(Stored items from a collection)
────────────────────────────────────────

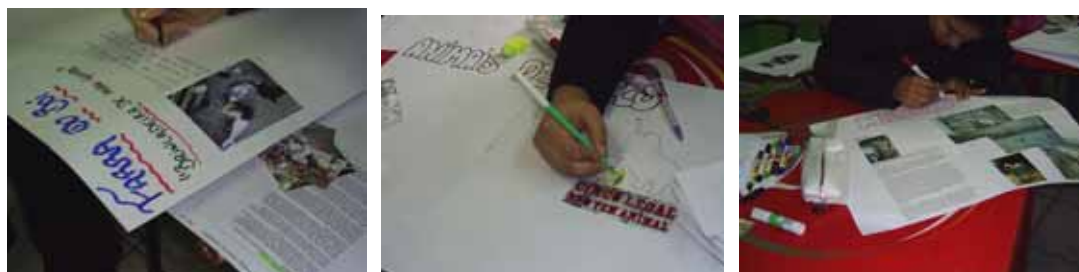
Figura 1: Grupos desenvolvendo seus cartazes, utilizando desenhos de sua própria elaboração.

4º Encontro -06/07/2009: Os alunos organizaram-se em seus grupos com seus respectivos materiais. Na proposta de trabalho, cada grupo deveria confeccionar cartazes sobre os assuntos escolhidos e um folder que representasse de maneira clara o ponto de vista dos integrantes do grupo sobre o assunto abordado. Todos mostraram-se muito receptivos quanto à proposta e iniciaram as discussões, a separação dos materiais e a organização dos cartazes. O início do trabalho de elaboração dos cartazes foi fotografado, assim como o produto final, para que fosse feito um acompanhamento do desenvolvimento das atividades e do empenho dos grupos.
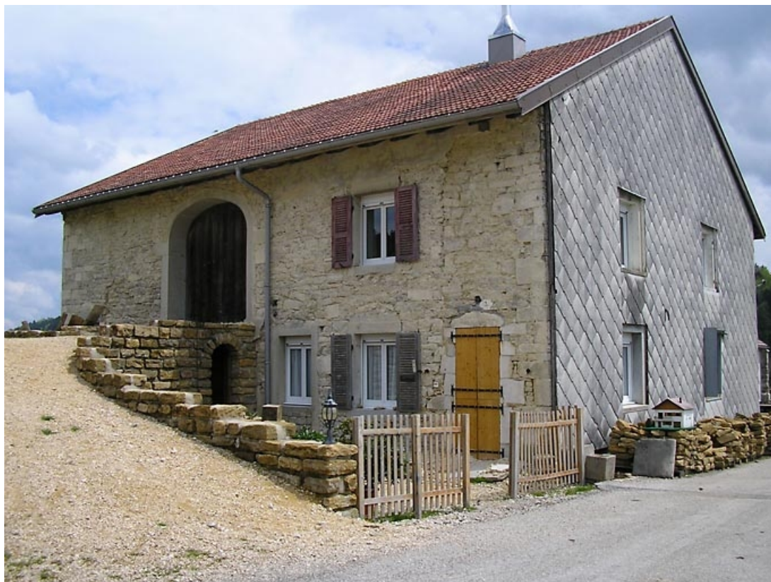
Façade antérieure et pignon sud-ouest vus de trois quarts.
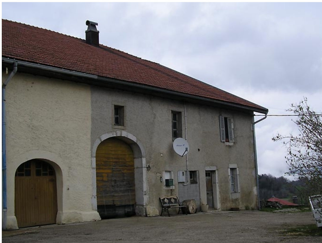
Vue de trois quarts de la façade antérieure.

39, Lac-des-Rouges-Truites C.D. 437 154, lieudit : les Thévenins
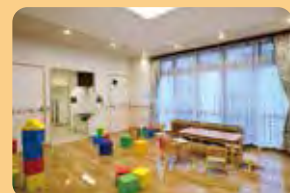
①事業所内保育所 遊戯室
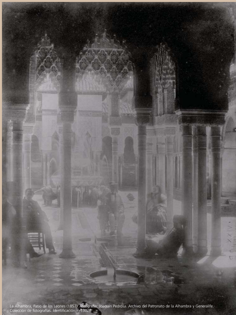
La Alhambra, Patio de los Leones (1857). Identificación: F-13026

La formulación de cualquier proyecto de conservación y restauración debe estar precedida de un conocimiento suficiente
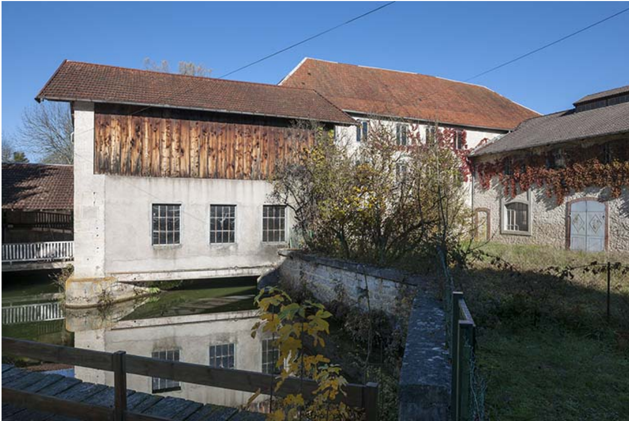
Bâtiment d'eau et atelier de fabrication.
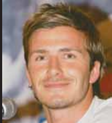
KLASSÍSK Þessi klipping hefur staðist tímans tönn.
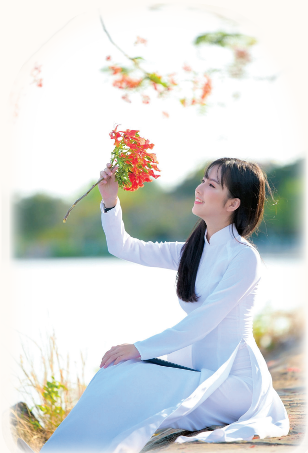
Ảnh khai thác internet

Bước chân hè lướt bên hoa Chập chờn cánh bướm la đà vu vơ Ta về chấp tiếp vần thơ Cùng màu phượng thắm đợi chờ bạn xưa.
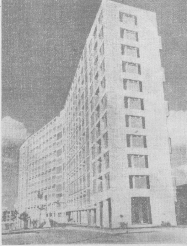
1953 йил 26 июль — КУБАДА ХАЛҚ РЕВОЛЮЦИЯСИ БОШЛАНГАН КҮН. Сиз ушбу суратда халқ ҳокимиятининг самараси — Куба республикаси пойтахти Гаванада қад кўтарган янги уй-жой корпусларини кўриб турибсиз.
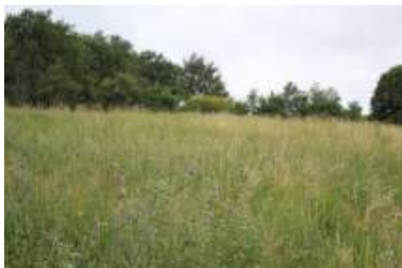
Prairie de fauche
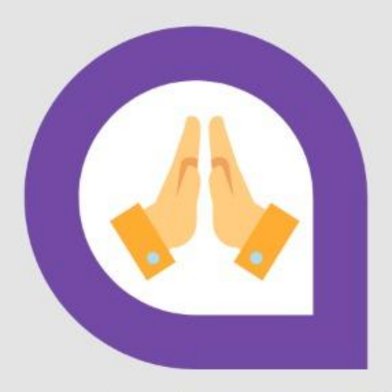
Abraham tuvo fe y se convirtió en el padre de los gentile que se conviritiron (Gl 3:6-9)
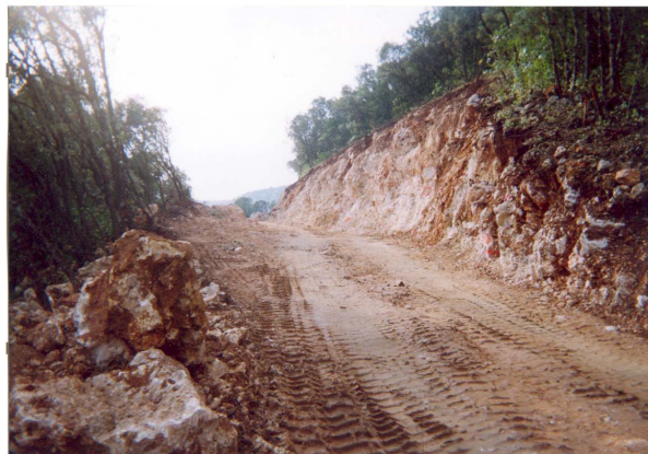
Travaux de construction de la route d'accès à la source des Cent-Fonts. Une partie de la piste est creusée à l'explosif (blocs de rochers).

Comment le rédacteur d'un article peut-il rendre compte sinon en rapportant les rumeurs qui circulent... à propos de tuyaux de détournement d'eau du bassin versant, d'installation et de travaux qui ressemblent plus à la construction définitive d'une usine qu'à la préparation d'une campagne d'essais objectifs.
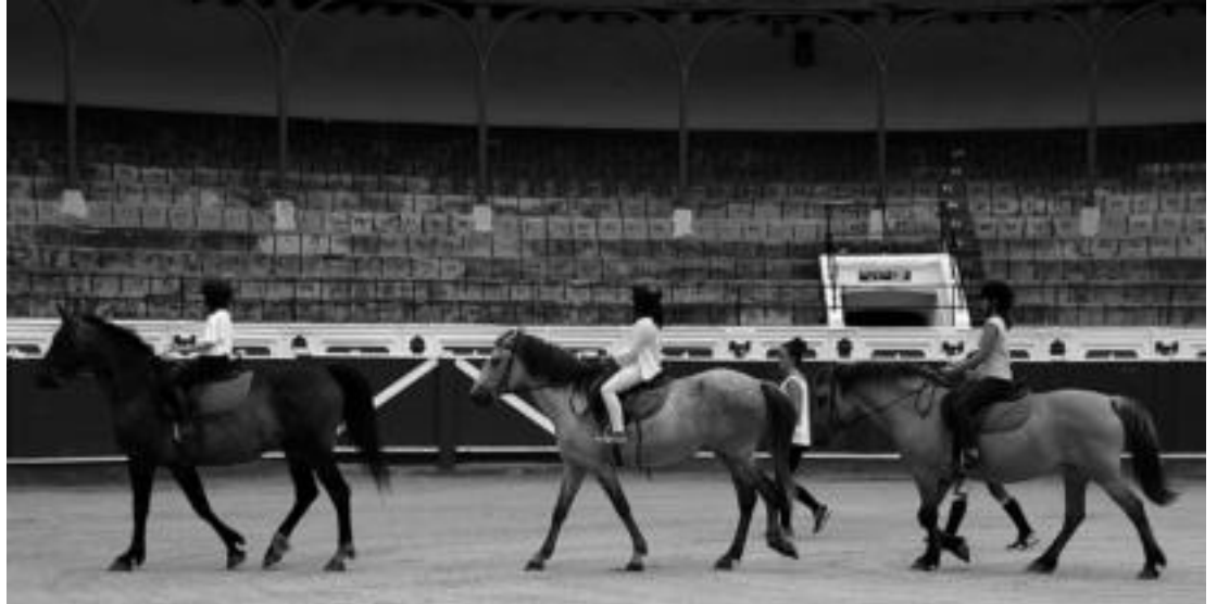
Tolosako zezen plaza leku aproposa da zaldiekin ikastaroak emateko. I.G.L.

Guztira 30 ikasle inguru daude, beste urte batzuetan baino gutxiago. Launako taldeak egiten dituzte, horrela irakasleak hobeto egiten du jarraipena. Ez dago gutxieneko urterik ikastaroan parte hartzeko. «Aguan zortzi urteko haur bat igotzen da zaldira eta hasiera batean blokeatu egiten da, eta sei urteko beste haur
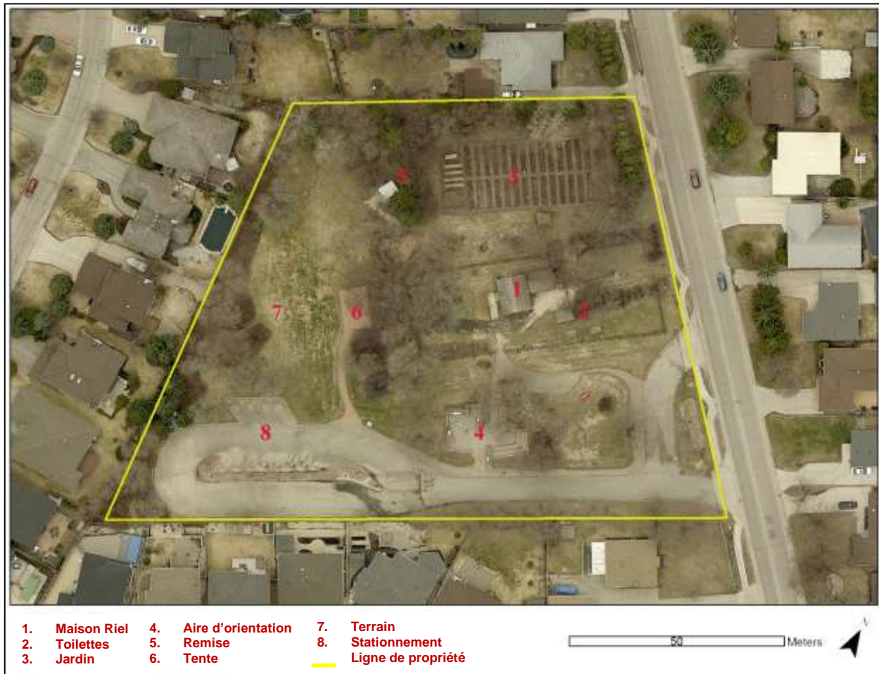
Carte 2. Plan du lieu historique national de la Maison-Riel
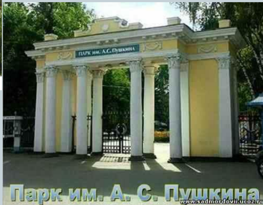
Парк им. А. С. Пушкина
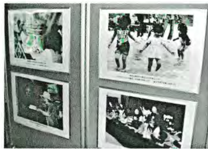
ロビーに展示の受賞作品

福まち推進センターは、お互いに支え合い、地域福祉の一層の推進と、人に優しいまちづくりを目標として活動しています。
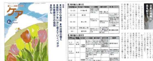
防災啓発 医療雑誌ケア掲載 6月号
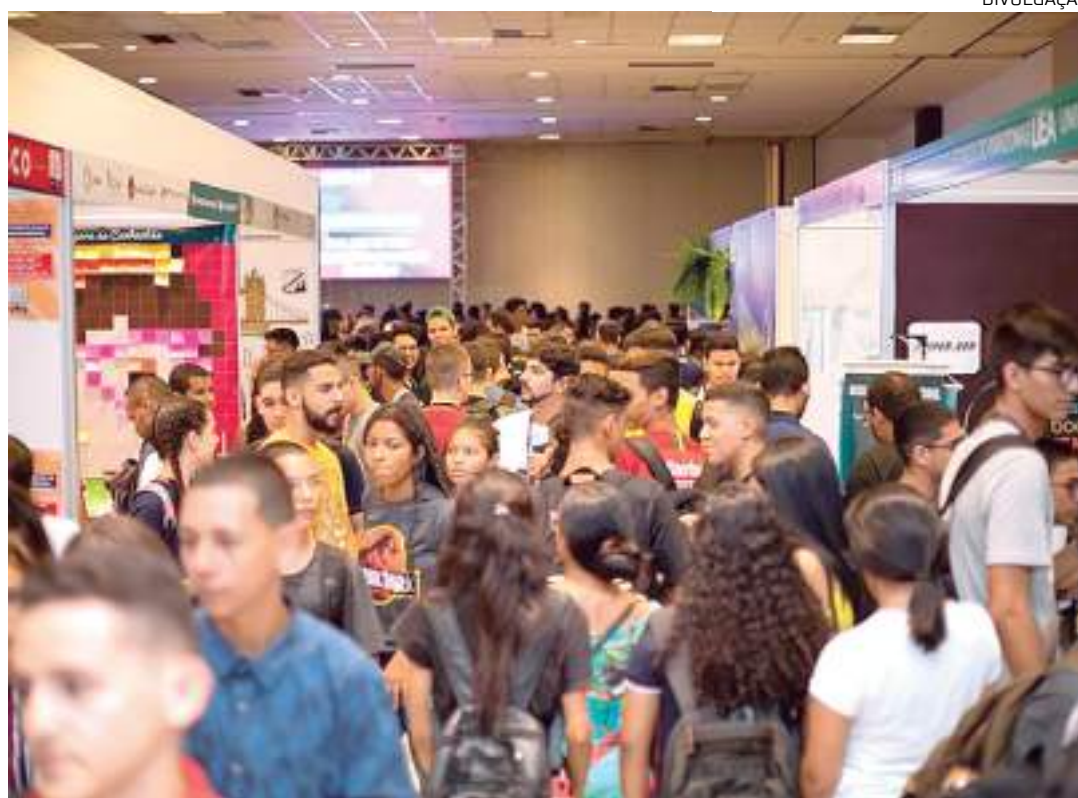
Feira reúne estudantes no Centro de Convenções Manaus Plaza Shopping

(22), das 9h15 às 19h, a FNE promove 36 atividades nas quatro salas. Na sala Nelson Mandela, os temas serão: "Turismo Sustentável e práticas hoteleiras responsáveis"; "Jornalismo em transformação: navegando no futuro da informação"; "As plataformas sociais e o Direito Digital"; "Quero ser Designer! E agora?"; "Você conhece a Economia? O que é? Pra que serve?"; "Jornalismo Esportivo"; "Design de Interiores: criando espaços funcionais e esteticamente agradáveis"; "A criatividade como estímulo à educação empreendedora"; e "Despertando Potenciais: o Inglês como ferramenta para aproveitar oportunidades".
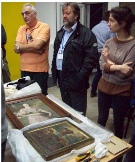
Fot. 4. Przygotowanie obiektów historycznych do badań radiograficznych. W środku Stefano Ridolfi, światowej sławy ekspert w zakresie identyfikacji i konserwacji dzieł sztuki, ekspert Międzynarodowej Agencji Energii Atomowej [2]

cia w naddunajskiej miejscowości Vinča, 16 km na wschód od Belgradu dokonał w 1908 r. serbski archeolog Miloje Vasić. Jest to unikatowy rejon badawczy, przypominający nieco Pompeje zniszczone w czasach cesarstwa rzymskiego przez erupcję wulkanu Wezuwiusz. Popiół wulkaniczny utrwalił budowle, przedmioty oraz niektóre ciała ludzi i zwierząt, co umożliwiło obejrzenie wyglądu starożytnego rzymskiego miasta średniej wielkości i jego mieszkańców.
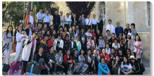
▲聖徒在耶路撒冷相調中心門口合影

會，來自世界各國的弟兄們，交通當地召會的近況與蒙恩，非常擴大眾人的度量，使我們對主在全地的行動及開展更有身體的感覺。第三天下午則是令人動容的擘餅聚會，當來自各國的弟兄們圍著餅杯，說著各國不同的語言祝謝、禱告的時候，整個聚會充滿了主的榮耀，見證主今天在地上得著一個身體、一個新人、一個新婦，祂是何等的喜樂與滿足。
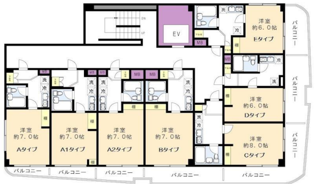
※図面と現況に相違がある場合は、現況を優先と致します。※80m=1分

v入学・引越しの学生様、新社会人様賃料発生日ご相談下さい！北野駅は特急停車駅(全列車停車駅)です。宅配ボックス新規設置！オートロック・エレベーター有り。J:COM導入。室内洗濯機置場有り。防犯カメラ・室内物干し・ミラー・節水シャワーヘッド付き。敷金・礼金なし！ガスヒーツは基本料(2581円)+別途使用料がかかります。
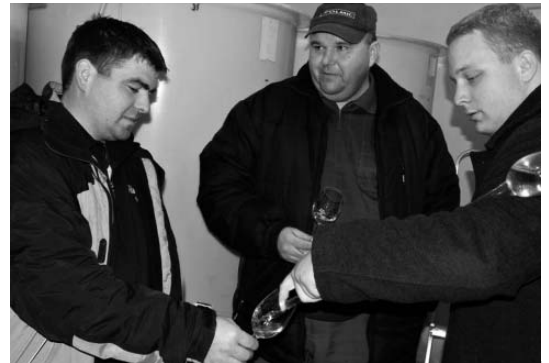
Modrohorská vína ročníků 2009 a 2010 zachutnala. Účastníci exkurze ve Vinařství Mikulica neskřývali uznání a nešetřili chválou.
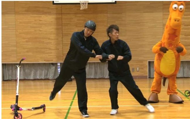
「こういう感じだよ、イメージとしては…」と生徒たちにアドバイス
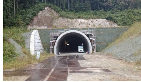
岩清水トンネル(新庄側)
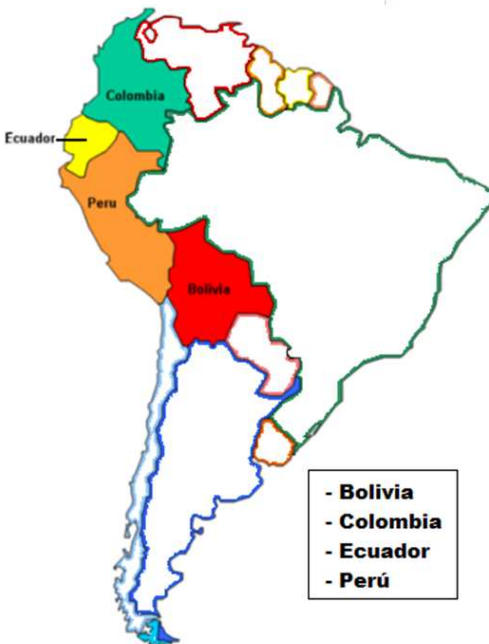
Figura 4: Mapa de los países miembros de la CAN
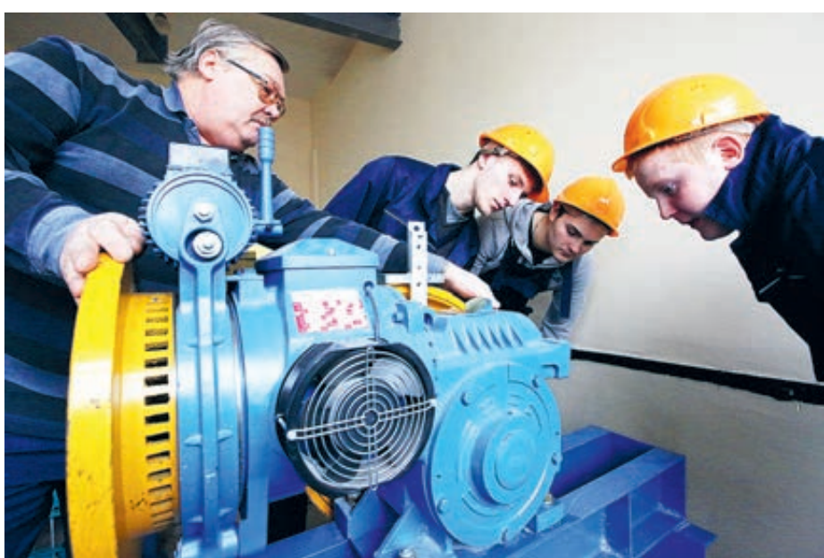
Кто бы мог подумать? Рабочие специальности входят в моду.

Не лучше ситуация в среднем профессиональном образовании (СПО).
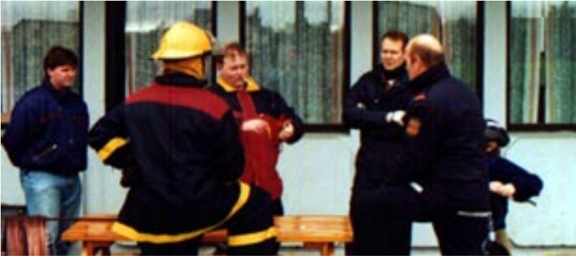
Verk fundur við loftnetsuppsetningu við Þróttheima

────────────────────────────────────────

▶ _What is required_
Output exactly those lines of the data above that run from the line with "Abraham tuvo fe" up to and including the line with "Comment le rédacteur". No pictures go in.

▶ _Reply to the task_
Abraham tuvo fe y se convirtió en el padre de los gentile que se conviritiron (Gl 3:6-9)
Travaux de construction de la route d'accès à la source des Cent-Fonts. Une partie de la piste est creusée à l'explosif (blocs de rochers).

Comment le rédacteur d'un article peut-il rendre compte sinon en rapportant les rumeurs qui circulent... à propos de tuyaux de détournement d'eau du bassin versant, d'installation et de travaux qui ressemblent plus à la construction définitive d'une usine qu'à la préparation d'une campagne d'essais objectifs.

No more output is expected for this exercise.